LCC noradrenergic signaling biases perception, attention, and memory toward more salient stimuli by selectively amplifying the activity of priority mechanisms operating at the moment [49]. Substantial evidence suggests that while males show a greater preference for allocentric knowledge (e.g., describing objects/others independent of one’s own perspective), with a greater reliance on hippocampal-based strategies [8], females show a greater preference for egocentric knowledge (e.g., describing objects in terms of one’s own spatial perspective and using more privileged information in inference), with a greater reliance on working memory processes mediated by frontal regions, such as those in the ECN [8, 50]. We speculate that these previously reported sex-related biases in information processing priorities are operating under resting-state condition and underlie the observed difference in left LCC connectivity between males and females.
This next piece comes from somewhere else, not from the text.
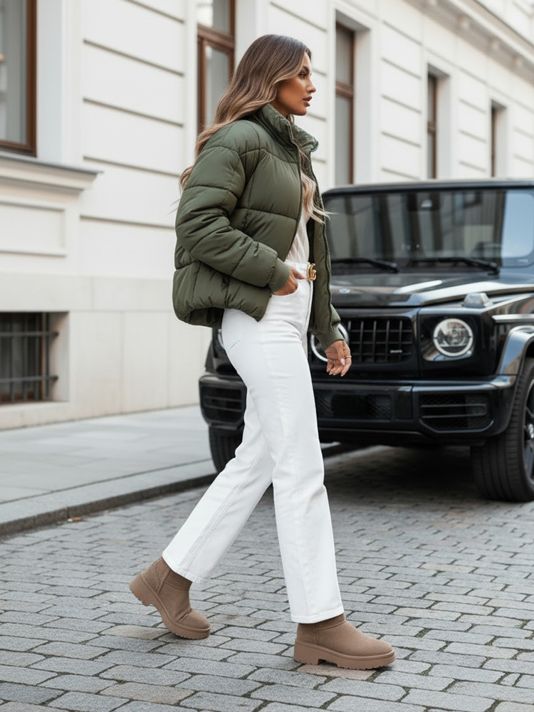 Modna kurtka damska typu puffer z grubym kołnierzem i przeszyciami to stylowa ochrona przed zimnem. Praktyczne kieszenie i zamek błyskawiczny zapewniają wygodę. Minimalistyczny fason pasuje do wielu stylizacji. Sprawdzi się świetnie jako okrycie wierzchnie w sezonie jesiennym i zimowym.

Further, anxiety and egocentricism are related, with greater reliance on egocentric perspective-taking/mentalizing in those experiencing anxiety [51]. Thus, under our speculation, the observed greater LCC-ECN connectivity in premenopausal females than in males may be related to the higher current anxiety symptom scores in premenopausal female participants than in male participants. Consistent with this, higher HAD anxiety scores were associated with left LCC-ECN connectivity in the total sample, with a trend (p = 0.08) towards association among premenopausal female participants. In addition, left LCC-ECN connectivity was associated with higher PHQ-15 in premenopausal female participants. Although the PHQ-15 is not specifically focused on anxiety, it includes some items on somatic symptoms of anxiety (e.g. heart racing, shortness of breath, nausea, dizziness, stomachaches) and had shared variance with HAD anxiety in the present sample of premenopausal females (r = 0.48).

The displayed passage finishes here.